Veterano dos tempos da Revolução Islâmica de 1979 e da Guerra Irã-Iraque, Rezaei não detalhou que medidas exatamente seriam adotadas.
Nomeado para o cargo no mês passado pelo líder supremo do Irã, Mojtaba Khamenei, sua escolha foi apontado por analistas como uma aproximação com a linha-dura do regime teocrático — que é mais resistente a um processo de negociação, e tem pregado a resistência a imposições americanas.
O aceno sobre uma nova estratégia a ser aplicada acontece em um momento de renovadas tensões.

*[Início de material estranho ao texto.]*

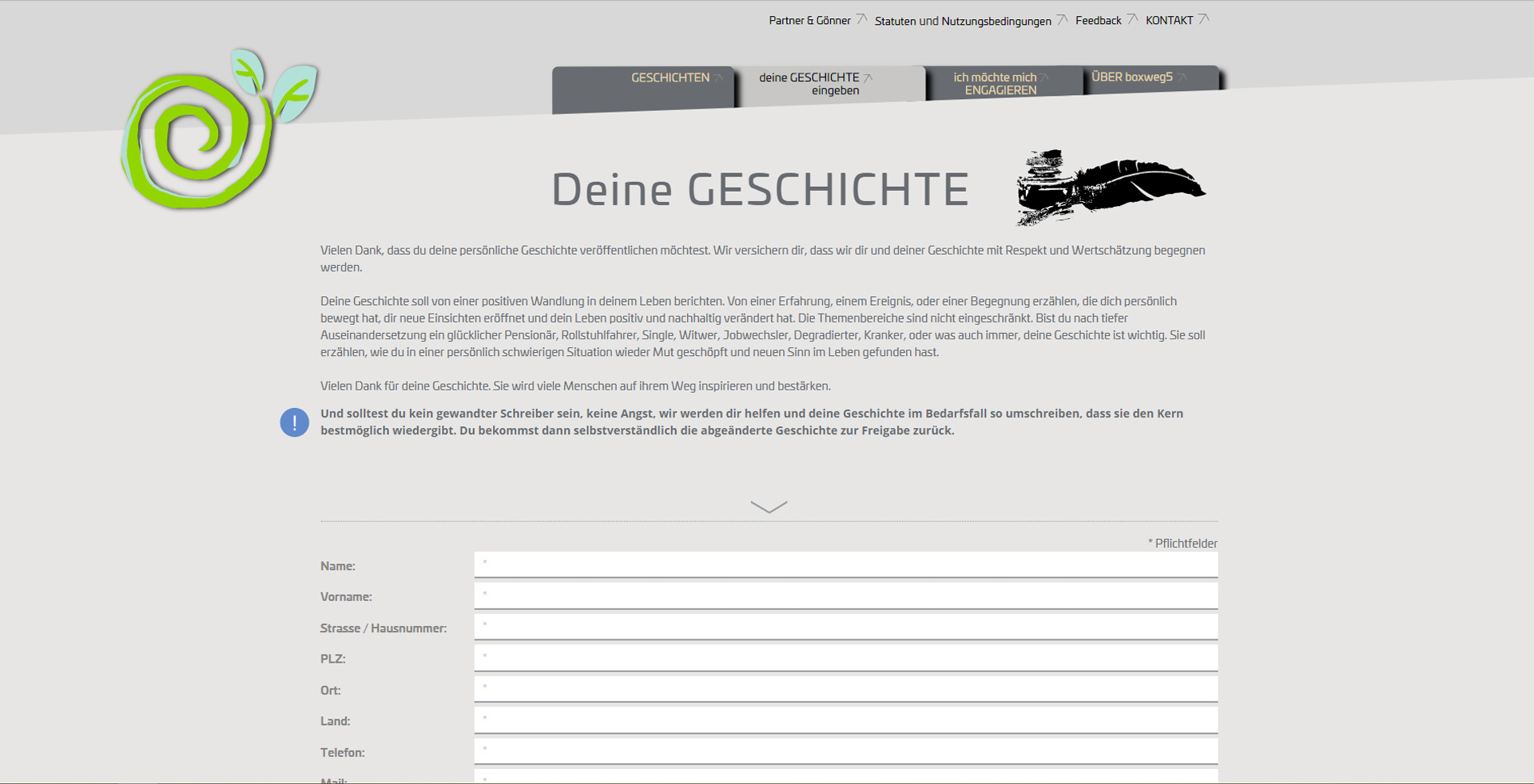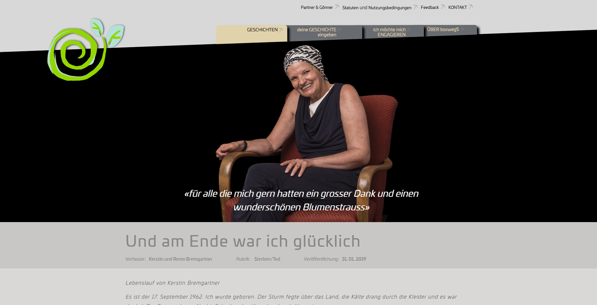 visions.ch zeichnet verantwortlich für die CMS-Webumsetzung der Geschichten Plattform Boxweg5. Der Verein Boxweg 5 möchte eine Plattform bieten, um Geschichten zu erzählen von Menschen die gestärkt aus schwierigen Lebenssituationen hervorgegangen sind.

Após a sinalização do governo americano de que a abordagem sobre o Irã mudaria de foco para uma campanha de bloqueio comercial, liderada pelo secretário do Tesouro Scott Bessent, os EUA voltaram a atacar militarmente o território iraniano nos últimos dias, incluindo os bombardeios contra o sul do país na terça-feira, que Washington justificou como resposta a tentativas de ataque contra navios comerciais e suas tropas.
Explosões foram ouvidas em diferentes cidades iranianas e uma contagem parcial indicava 18 mortos, porém um episódio em particular recebeu a atenção da mídia estatal, após os estilhaços de um projétil americano caírem sobre um local em que era celebrado um casamento.
O Crescente Vermelho do Irã informou que quatro pessoas morreram e mais de 50 ficaram feridas no evento.
O incidente provocou reações exasperadas das autoridades iranianas.
O Ministério das Relações Exteriores do Irã afirmou que a ação mostrava "a realidade desta guerra ilegal" e o verdadeiro rosto do crime de guerra", acrescentando que a ação americana faria parte de um "esforço desesperado dos EUA para dissimular seu fracasso".
O principal negociador iraniano nas conversas mediadas pelo Paquistão, Mohammad Bagher Ghalibaf, retomou um termo que se tornou recorrentre entre simpatizantes da Revolução Islâmica após 1979, ao tratar Washington por "Satã".

"Escola de Minab: crianças massacradas.
Ginásio de Lamerd: crianças assassinadas.
Casamento em Kuhestak: crianças assassinadas ao lado de suas famílias.
Se uma potência atua como Satã, escolhe alvos como Satã e mata como Satã, é Satã", afirmou Ghalibaf em uma publicação no X.
O porta-voz do Comando Central das Forças Armadas dos EUA Tim Hawkins rejeitou a alegação sobre crime de guerra, e afirmou que "as Forças Armadas dos Estados Unidos nunca atacam civis, ao contrário da Guarda Revolucionária".
Os ataques americanos não passaram sem resposta.
Teerã iniciou uma campanha de retaliação ainda na terça-feira, anunciando ataques contra bases americanas em Jordânia, Emirados Árabes Unidos, Kuwait, Bahrein e na região autônoma curda do Iraque.
Novas ações também foram anunciadas pela Guarda Revolucionária do Irã no Estreito de Ormuz — principal instrumento de pressão utilizado pelo governo iraniano, que fechou a rota comercial desde o início da guerra, afetando o mercado global de petróleo.
O Exército ideológico do Irã afirmou nesta quarta-feira que dois petroleiros sofreram incêndios após colisões com minas navais durante o tráfego fora de uma rota designada pelas autoridades de Teerã, em Ormuz.
Em um comunicado, a Guarda disse que os dois navios pediram "ao Exército dos Estados Unidos para transitar por uma rota ilegal", colidiram com as minas "e explodiram".
Trump afirmou que os ataques anteriores, no domingo, tinham sido uma "represália pela tentativa fracassada dos iranianos de colocar minas navais no estreito" e pelo "lançamento por parte dos iranianos de oito mísseis, todos interceptados com sucesso, contra nossa base militar na Jordânia".